A randomized, open label, phase II study comparing pemetrexed plus cisplatin followed by pemetrexed versus pemetrexed alone in EGFR mutant NSCLC patients who have failed first-line EGFR TKI: KCSG-LU12-13

Various therapeutic strategies are available for non–small-cell lung cancer (NSCLC) patients who develop disease progression on first-line EGFR tyrosine kinase inhibitor (TKI) therapy. However, it has not been established which cytotoxic regimens are preferable for these patients. Yoo and colleagues conducted a prospective randomized phase 2 trial to assess the clinical outcomes with pemetrexed plus cisplatin (PC) combination therapy compared with pemetrexed monotherapy after failure of first-line EGFR TKI.¹ Patients with advanced (stage IIIB) or metastatic (stage IV) nonsquamous NSCLC harboring activating EGFRmutation (del 19 or L858R mutation) who had progressed on first-line EGFR TKI were randomly assigned in a ratio of 1:1 to the PC arm or pemetrexed arm, and were treated with pemetrexed 500 mg/m² and cisplatin 70 mg/m² for 4 cycles, followed by pemetrexed maintenance every 3 weeks, or treated with pemetrexed 500 mg/m² monotherapy every 3 weeks until progression of disease.
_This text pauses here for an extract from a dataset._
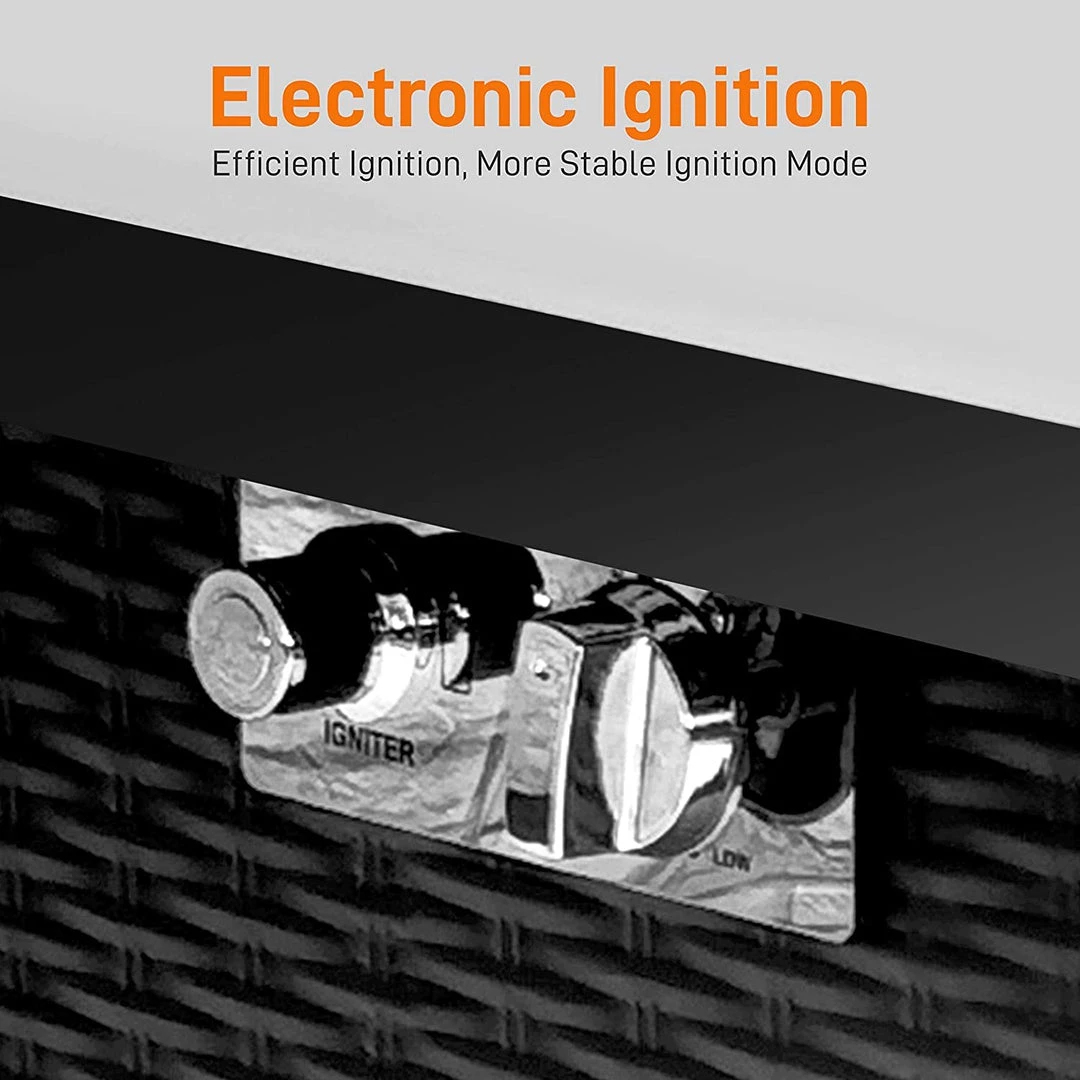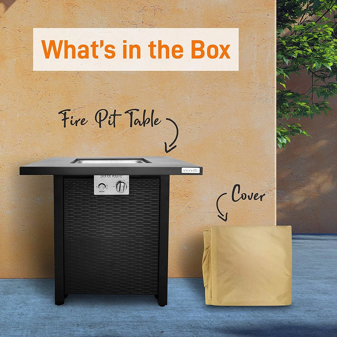 Features: – Not Convertible to Natural Gas – With Fire Pit Cover Lid – Stainless Steel Fire pan – Assembled Gas Hose Regulator – Adjustable Flame Height by Valve Knob – Sturdy Metal Gas Fire Pit Table – Easy to Put Propane Tank, In, and Out – Stainless Steel Control Panel – 40,000 BTU Stainless Steel Burner – Constructs with Weather Resistant – Sturdy Metal for Durability and Long-term Use – Easy to Assemble with Two Persons, Takes 20-30 Minutes – Safe and CSA Certified and Approved – Comes with 1 pc. Independently Metal Table Top and 6.6 lbs. Decorative lave Rock Set – Creates an Elegant Atmosphere in the Garden, Terrace, Balcony or Backyard What’s in the Box: – Steel Tabletop and Panel – Stainless Steel Fire Pan – 201 SS Burner – Copper Injector – Control Knob – Gas Valve – Corrugated Pipe – Pulse Igniter – Thermocouple – Fire Pin with Protective Guard – PVC Cover – Lava Rock – Steel Cover Lid – Battery Technical Specs: – Construction Material: Metal +201 SS Fire Pan – Heat Output: 40,000 BTU – Regulator Valve with Gas Hose Length: 19.7” -inches (500mm) – Metal Cover: Metal and PVC Cover – Primary Fuel Type: Liquid Propane – Propane Tank Weight: 20lbs. (Not Included) – Ignition Type: Pulse – Battery Type: (1) x ‘AA’ Battery (not rechargeable) – Product Dimension (L x W x H): 28” x 28” x 24.5” -inches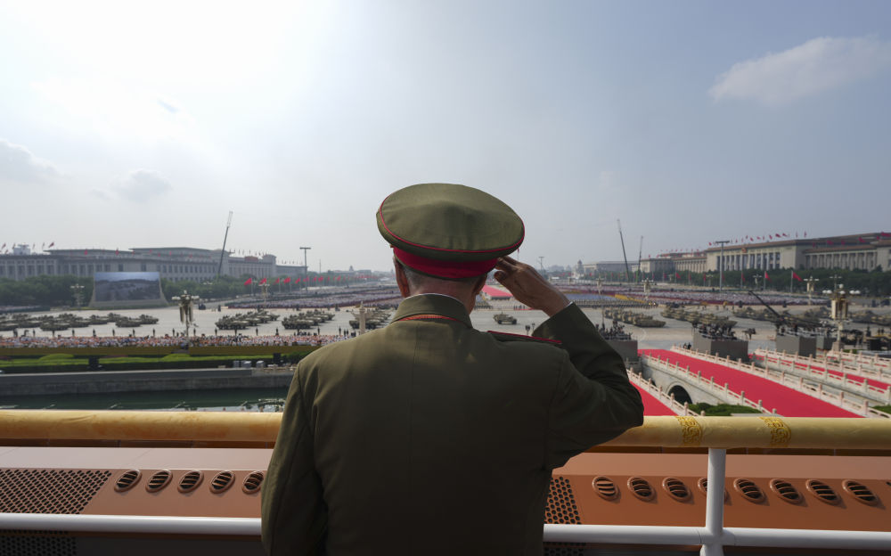 9月3日,紀念中國人民抗日戰(zhàn)爭暨世界反法西斯戰(zhàn)爭勝利80周年大會在北京隆重舉行。這是觀禮嘉賓在天安門城樓上敬禮。新華社記者 才揚 攝

The primary clinical end point was progression-free survival (PFS), and secondary end points included overall response rate, overall survival, quality of life (QOL), and the safety profile. A total of 96 patients were randomized, and 91 patients were treated. At 20.4 months of median follow-up, the median PFS was 5.4 months (95% confidence interval [CI], 4.5-6.3) in the PC arm and 6.4 months (95% CI, 3.6-9.2) in the pemetrexed arm (P = 0.313). The 1-year survival rate was 77% for the PC arm and 68% for the pemetrexed arm. The most common adverse events included anorexia (37%), nausea (26%), neuropathy (11%), and skin change (11%). Adverse events ≥grade 3 were in 12 (26%) patients in the PC arm and 8 (18%) patients in the pemetrexed arm, and dose reduction and delay were required more often in the PC arm. The authors concluded that PC combination therapy showed a higher response rate than pemetrexed monotherapy. However, there was no significant difference in PFS between the 2 arms, and that further genetic and molecularly based analyses are warranted to evaluate the contributing factors for long-term responders. While the authors promised that QOL data would be presented at ASCO 2016, QOL analyses were not available at the meeting.

1. Yoo KH, et al. ASCO 2016. Abstract 9043.